А я испытал ностальгию по Украине, которую мы потеряли, что во Львове ощущается особенно остро. По европейской альтернативе, которая, казалось, всегда была под рукой, как улица Яуниела в Риге, где советские кинематографисты снимали фильмы про Запад, как пляжи Пярну, как львовские «каварны». По лоскутному одеялу Центральной и Восточной Европы, по духу большой истории, по теням великих империй. Сегодня мы добровольно отрезаем себя от этого наследия, но не замечаем, что сами при этом перестаем быть империей, превращаемся в Московию, в лесной улус Орды.
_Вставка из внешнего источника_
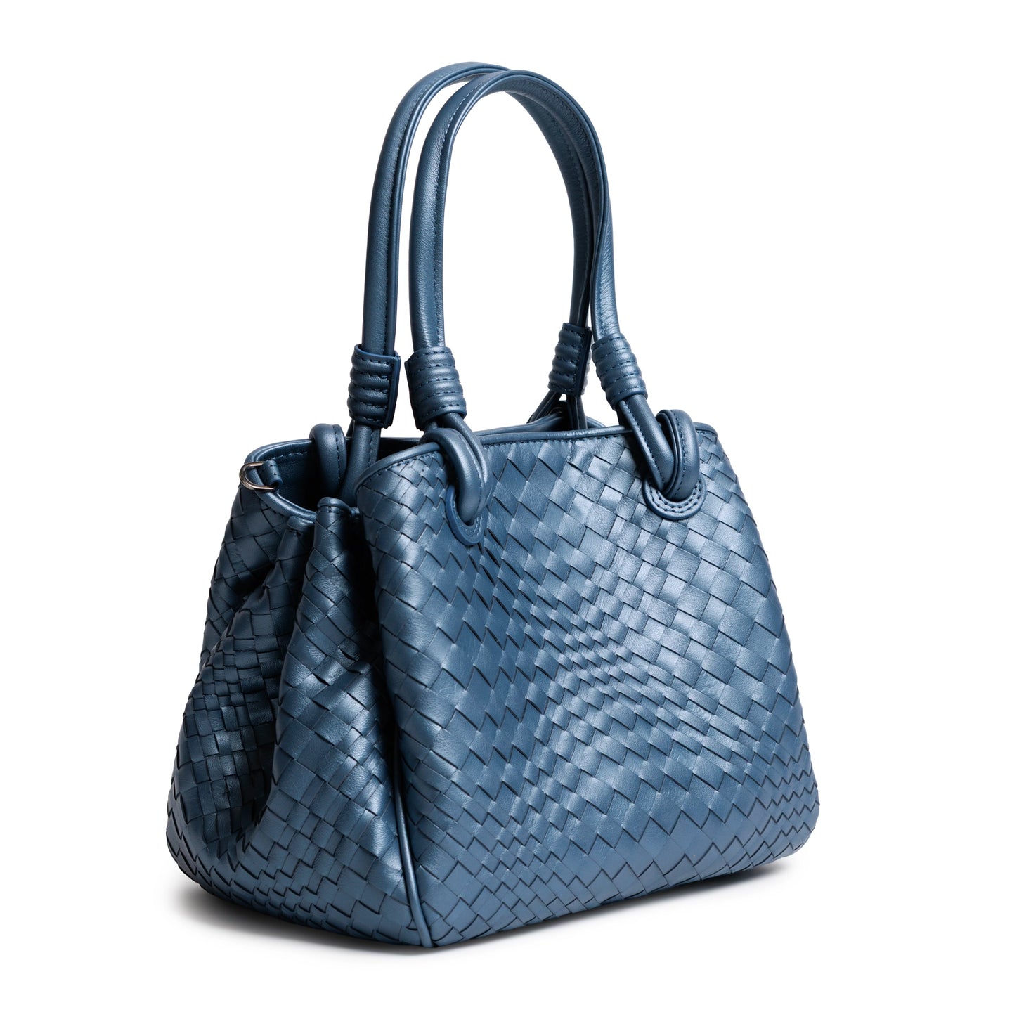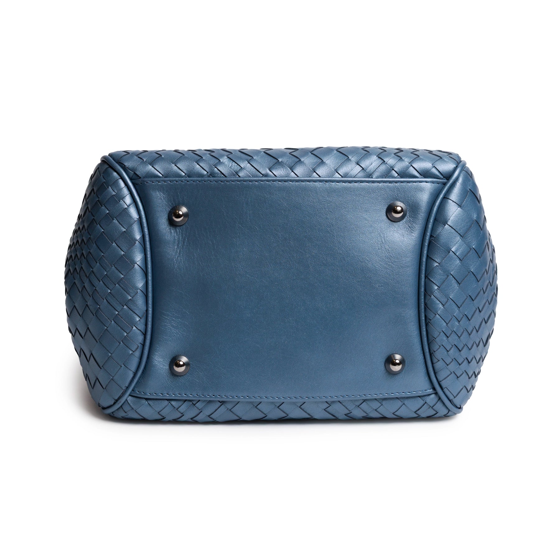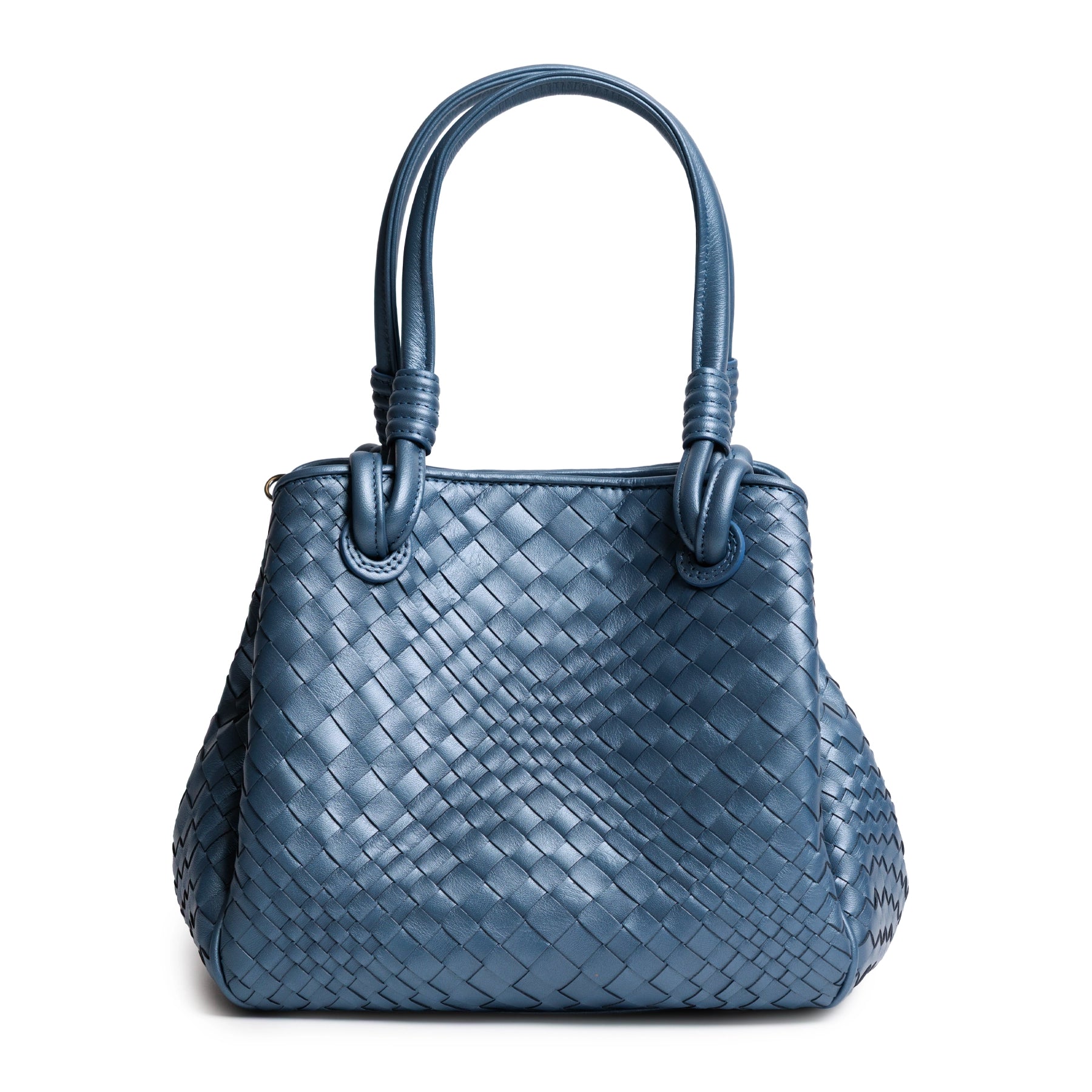 Top Handle Intrecciato Leather Bag in Softy Pearlized Baltico

Причем потеря Украины произошла не на Майдане, не в Крыму и не в окопах Донбасса: она случилась на грамматическом уровне, в языке описания действительности, в самом понимании того, что происходит с миром и с нашими двумя странами.
В дискуссиях Львовского форума я увидел глобальные перспективы, критические теории, свободу дискуссии, которую все реже можно встретить в России. Украинцы осмысляют происходящее в рамках институтов, реформ, гражданского общества, модернизации и европеизации — всех тех терминов, которые были в ходу и у нас 5-10 лет тому назад. И даже нашумевшее назначение Михаила Саакашвили одесским губернатором, над чем в России принято потешаться, — признак все того же незашоренного космополитического мышления, которое в свое время приводило в Одессу иностранных управленцев де Рибаса, Ришелье и Лонжерона и сделало ее, как и Львов, одним из самых блестящих городов Восточной Европы. Удивительным образом осажденная Украина, переживающая всплеск национального самосознания, сегодня более глобальна и космополитична, чем Россия — нефтяная провинция мировой экономики.
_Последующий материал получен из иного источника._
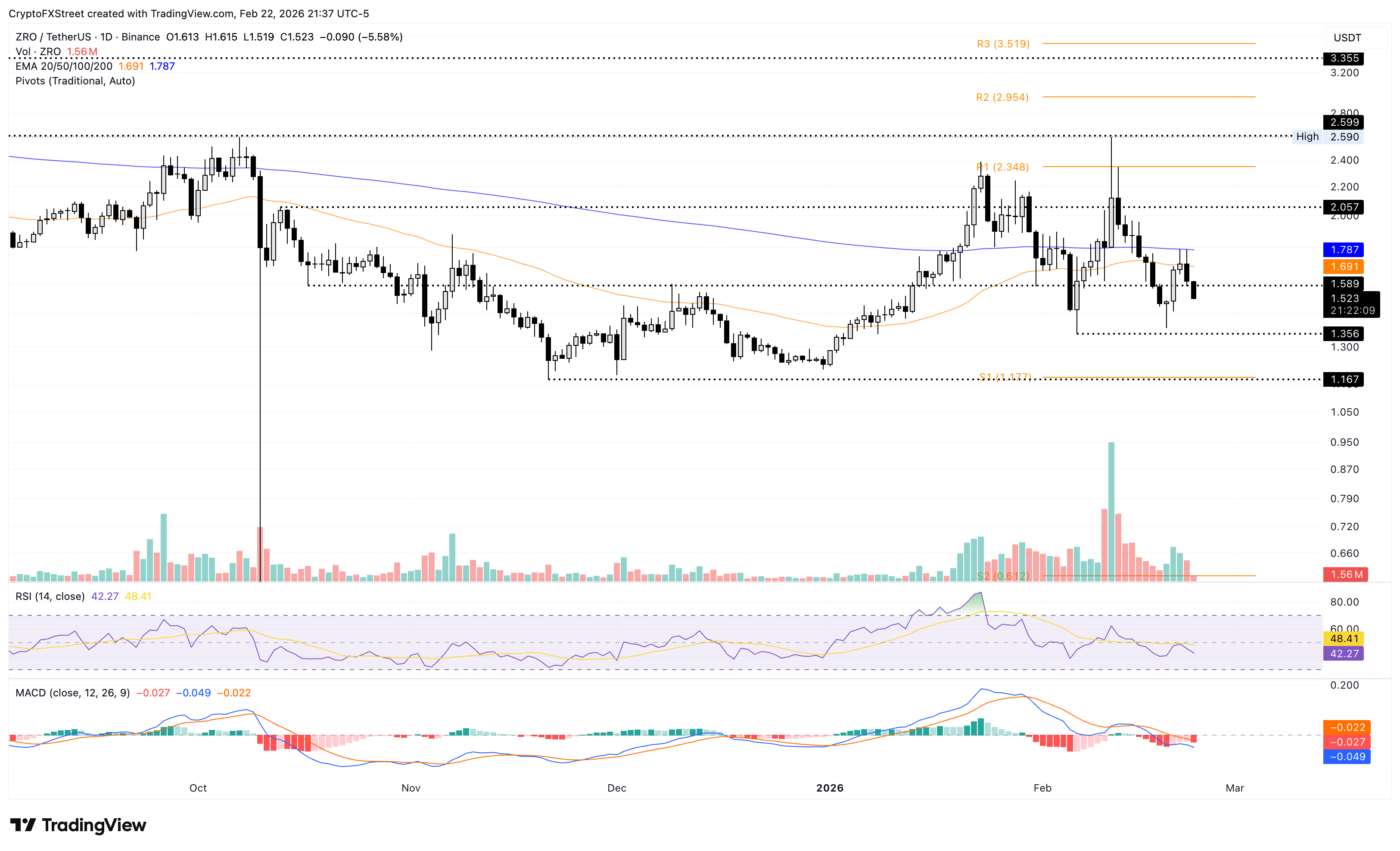 LayerZero is down more than 5% at the time of writing on Monday, approaching the $1.500 psychological support level. The ZRO token trades below the 50-day and 200-day EMAs, which are in a bearish alignment, reflecting downside pressure.

Но что такое сегодня столица и что такое провинция? Львов и есть тот самый столичный отель «Европа», где живут тени прошлого. Здесь европейский выбор Украины становится очевидным и бесповоротным. От повсеместной мовы, вышиванок и сала Львов не делается этнически-провинциальным, он остается столичным, городским, украинское входит в этот пирог как еще один слой, еще одна глава в истории. Во Львове Украина весело расстается с унылым провинциализмом совка, с пошлостью и вторичностью советской империи, с мрачной тенью ордынской Москвы. Его гротескная нелюбовь к «москалям» имеет свои исторические корни, но сами львовяне смеются над этой анекдотической формулой и умеют отличать москалей (приверженцев имперской идеологии и политики) от русских – носителей культуры и языка. И в то же время сам Львов много дал русской истории и культуре. Если бы мы расширили кругозор, то понимали бы, что Львов для нас (как и вся Украина, и Балтия) — окно в Европу, мостик к великому прошлому, последний шанс сохранить культурную империю. Но мы повсюду видим не окна, а амбразуры, не возможности, а угрозы, теряем глобальный мир и опускаемся в провинциальную тину. Так думал я, возвращаясь на самолете из столичного 700-тысячного Львова в провинциальную 15-миллионную Москву, словно из фильма Уэса Андерсона в выпуск новостей российского ТВ.